Bradykinin and related peptides were log transformed to approximate normality prior to analysis (S2 Fig). All structural measures were log-transformed prior to analysis and changes in morphometric variables were computed as the logarithm of the 5-year structural measure minus the logarithm of the baseline measure (equal to the logarithm of the ratio of 5-year biopsy measurement to the baseline measurement).

Cross-sectional relationships between baseline bradykinin and related peptides and each morphometric variable were assessed by Pearson correlations and after adjustment for age, sex, duration of diabetes, HbA1c, MAP, and treatment assignment by multiple linear regression and partial Pearson correlations. For longitudinal relationships, the baseline value of the morphometric variable was also included in the linear regression model.

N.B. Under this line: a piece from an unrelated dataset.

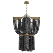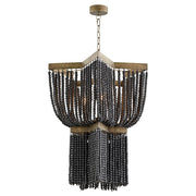 The elegant Estrella Pendant possesses a natural contrast between its gilded two-piece frame and the dark monochromatic beads that make up its impermanent body. The Estrella Pendant is perfect for any formal space.

Concentrations of bradykinin and its related peptides were combined for three summary measures: sum of i) all peptides, ii) hydroxylated peptides and iii) unmodified peptides. These summary measures were analyzed to determine whether total plasma kinin abundance, regardless of its form, correlated with changes in morphometric variables. We tested for interactions with sex in all regression models and for interactions with treatment assignment in models of change in morphometric measures, as the use of enalapril or losartan during the study could in theory impact associations between baseline kinins and changes in morphometry. These interactions were deemed statistically significant if the interaction term included in the model had a p-value <0.05.

Two sensitivity analyses were performed. In one, we replaced the change in each morphometric variable with the 5-year measurement value. In the other, we added AER and iGFR to the linear regression models. These variables were not included in our primary models, since they correlate with the underlying structure.

Results

Clinical and demographic characteristics of the participants, and the median and IQRs for the bradykinin peptides, are shown in Table 1. The range of values for each bradykinin peptide is shown in S2 Fig. Characteristics of the 189 participants with sufficient LM tissue for measurement of Vv(Int/cortex) at both kidney biopsies were virtually identical with those in participants without this measurement. However, the 156 participants with baseline GlomV measurements had lower AER and iGFR than those without GlomV measurements, albeit both subsets were within the normal range. At 5 years, iGFR was available for 239 participants and the mean change in iGFR over the study in this group was -7.2 mL/min/1.73 m² (-1.4 ml/min/1.73 m² per year). Two participants had a 5-year iGFR <60 mL/min/1.73 m² (a loss of >50% of baseline iGFR).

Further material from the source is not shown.